EL PODER DE LA CONCIENCIA

Para las 10:00 de hoy está prevista la ceremonia de imposición del birrete y el anillo cardenalicio a monseñor Adalberto Martínez, quien así se convertirá oficialmente en el primer cardenal paraguayo nacido aquí. Un día verdaderamente histórico.

Por eso no es coincidencia que hasta mañana Marito extienda su viaje oficial al Vaticano, lugar en el que reside el papa Francisco, quien grabó en la memoria colectiva de todos los paraguayos una célebre frase. Ese también fue un día histórico.

Han transcurrido 7 años desde aquel tibio julio del 2015 cuando en Paraguay las palabras del Santo Padre paralizaban a todo el país. Y decía... “Yo les confieso que a veces a mí me da un poquito de alergia, o para no decirlo así en términos tan finos, un poquito de moquillo el escuchar discursos grandilocuentes, con todas estas palabras. Y cuando uno conoce a la persona que habla, dice: ¡Qué mentiroso que sos...!”.

Cada vez que escuchamos una falsedad recordamos ese episodio y más ahora que el presidente paraguayo está tan cerca de nuestro protagonista.

¿Puede una persona ser tan mentirosa? Y sí, pa’íma he’i. Y no cualquier pa’i, sino el de mayor jerarquía. Pero hay algunos que además de mentirosos son caraduras. Como Marito.

Cuando la semana pasada en una entrevista televisiva le consultaban sobre su empresa y la venta de asfalto, tajantemente respondía: ¡No le vendimos ni una tonelada al Estado paraguayo! Claro, haciendo la triangulación se cubre las espaldas, no miente, ¡pero qué mentiroso que eeeessss!

Desde el principio movió sus hilos para que el dinero le cayera como lluvia de verano, por chorros.

–”Vos le podés decir a la gente que después de que dejes la Presidencia no vamos a tener casos en los que te estén investigando por supuesta corrupción por enriquecimiento ilícito”, le preguntaron.
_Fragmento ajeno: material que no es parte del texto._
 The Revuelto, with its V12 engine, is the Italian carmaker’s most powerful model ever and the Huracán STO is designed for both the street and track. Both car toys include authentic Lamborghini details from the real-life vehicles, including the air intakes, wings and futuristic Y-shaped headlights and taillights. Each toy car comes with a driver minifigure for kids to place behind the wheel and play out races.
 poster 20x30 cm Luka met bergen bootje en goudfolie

Y respondió:

–”Me van a buscar y ya me buscaron desde el día 1 desde todos los temas, pero yo estoy con la conciencia absolutamente tranquila”.

También los sicarios tienen la conciencia tranquila luego de ejecutar a su víctima. Mientras no sea descubierto, es inocente. Pero es un asesino sin conciencia, sin ética, sin principios, sin valores, un mentiroso, un traidor sin escrúpulos, una basura.
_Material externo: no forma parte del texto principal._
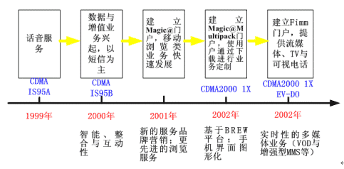 通過與手機(jī)芯片廠商密切合作并依靠韓國終端廠商較強(qiáng)的制造能力,KTF較早地解決了CDMA2000 1X手機(jī)與EV-DO手機(jī)的基本性能問題(性能對比見表3),不僅抵消了用戶的使用顧慮,而且也為不斷推出新的高速數(shù)據(jù)與增值業(yè)務(wù)奠定了較好的終端應(yīng)用基礎(chǔ)。

¿Cuál es la diferencia entre un asesino que dispara de frente y sale huyendo en la parte trasera de una motocicleta con el rostro encubierto y otro que firma decretos para lograr récords triangulando venta de asfalto mientras deja morir de covid-19 a miles de compatriotas sin vacunas, sin insumos, sin auxilio?

Como el mayor Thomas Ferebee, Marito no se arrepiente de lo que hizo. Se llena la boca con discursos grandilocuentes –como dijo Francisco– incluso da clases de moralidad mientras da rienda suelta a sus vanas explicaciones de su inocencia: “Ni una tonelada le vendimos al Estado”.
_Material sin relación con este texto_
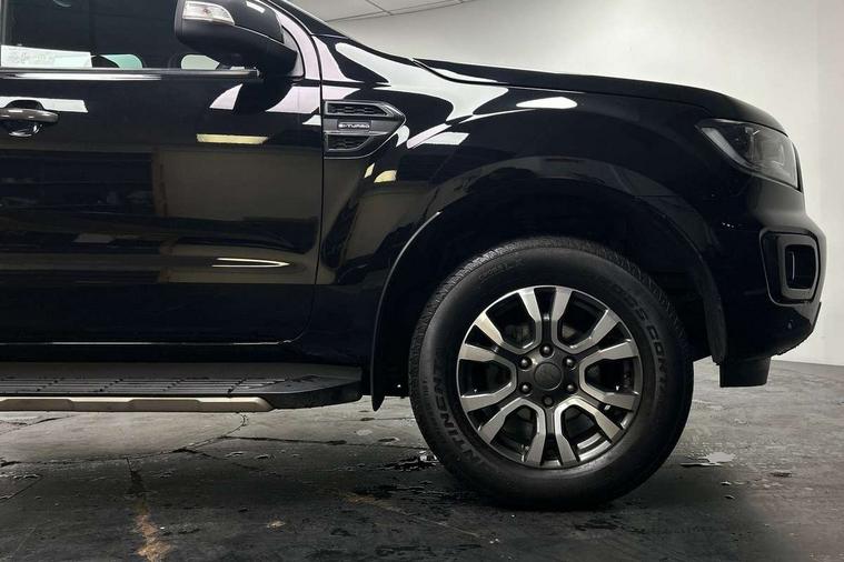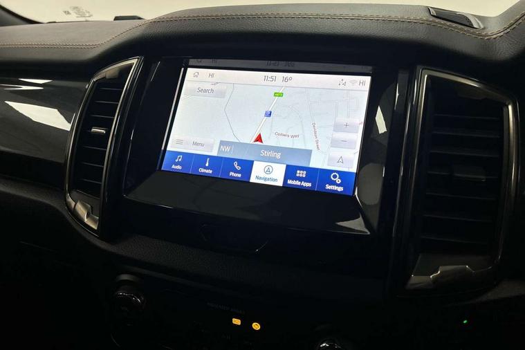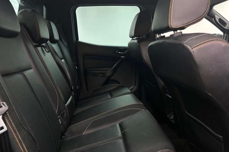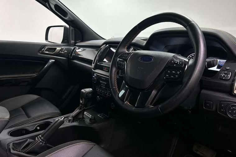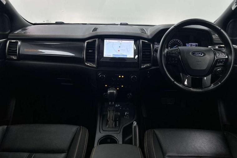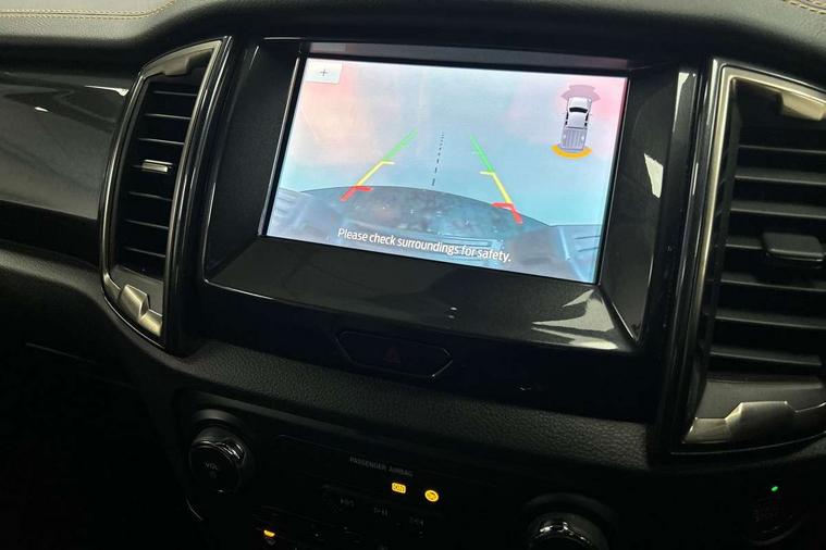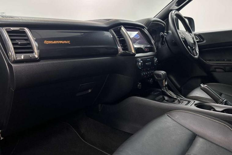 2 key fob, Collision mitigation braking system, Electric power assisted steering, Fixed rear view camera, Intelligent speed assistant, Lane keeping aid, Traffic sign recognition, Trip computer, Automatic headlights, Body coloured plastic front bumper, Boulder grey exterior door handle, Boulder grey exterior door mirror, Boulder grey radiator grille, Daytime running lights, Dual power heated fold back door mirror with puddle lamp and signal, Electrically operated windows with one shot driver's window, Electrochromic interior mirror, Front splash guard and mud flaps, Heated windshield and rear window, High mounted stop lamp with cargo area light, LED Front fog lamp, LED projector headlamps, Moulded in colour tailgate handle, Painted front fender grille, Privacy glass, Rain sensitive windshield wipers, Rear bumper chrome under-bar, Rear bumper step in boulder grey, Rear mudflaps, Roof rails, Side step with brushed inserts, Sports bar, Tailgate - Easy-lift/lower mechanism, Under hood engine cover, Underbody protection, Centre console coolbox, Chrome interior door handle, Driver seat back mounted map pocket, Dual control system - Electronic air temperature control (EATC), Ebony headliner, Heated front seat, Journey grain partial leather upholstery with Wildtrak logo, Leather gearknob, LED ambient interior lighting, Power adjustable 8 way driver seat, Premium front and rear floor mats with Wildtrak logo, Reach and rake adjustable steering column, Roof storage for driver sunglasses, Sport leather stitched steering wheel, Tie down rails and rope hooks, Wildtrak door trim panel insert, ICE feature pack 129 - Ranger, 3 point inertia rear seatbelts, Driver and front passenger airbag, side airbag, curtain airbag and driver knee airbag, ISOFIX child safety seat attachment, Seatbelt reminders for driver and front passenger, Tyre pressure sensors, Double locking power door lock with flip key, Immobiliser, Locking wheel nuts, Passive anti theft system, Passive keyless entry and start system, Power tailgate lock, Spare wheel lock, Thatcham category 1 alarm security system, ABS, ESP and roll over mitigation, Emergency brake assist, Engine start/stop system, Locking rear axle, Power converter,

Él no mató a miles de paraguayos. Tampoco Thomas mató. Él solo apretó el botón que dejó caer la bomba atómica cuando su avión volaba sobre Hiroshima. Eso nomás. Era inocente, como Marito.

Murió a los 81 años de cáncer de páncreas. Y cuando le preguntaron si estaba arrepentido por la explosión nuclear que había provocado respondió que no, que estaba convencido de que había salvado muchas vidas al acortar la guerra.

El otro no apretó ningún botón, solo firmó papeles. También se considera inocente y sobre arrepentimientos... ni siquiera tiene idea de lo que significa.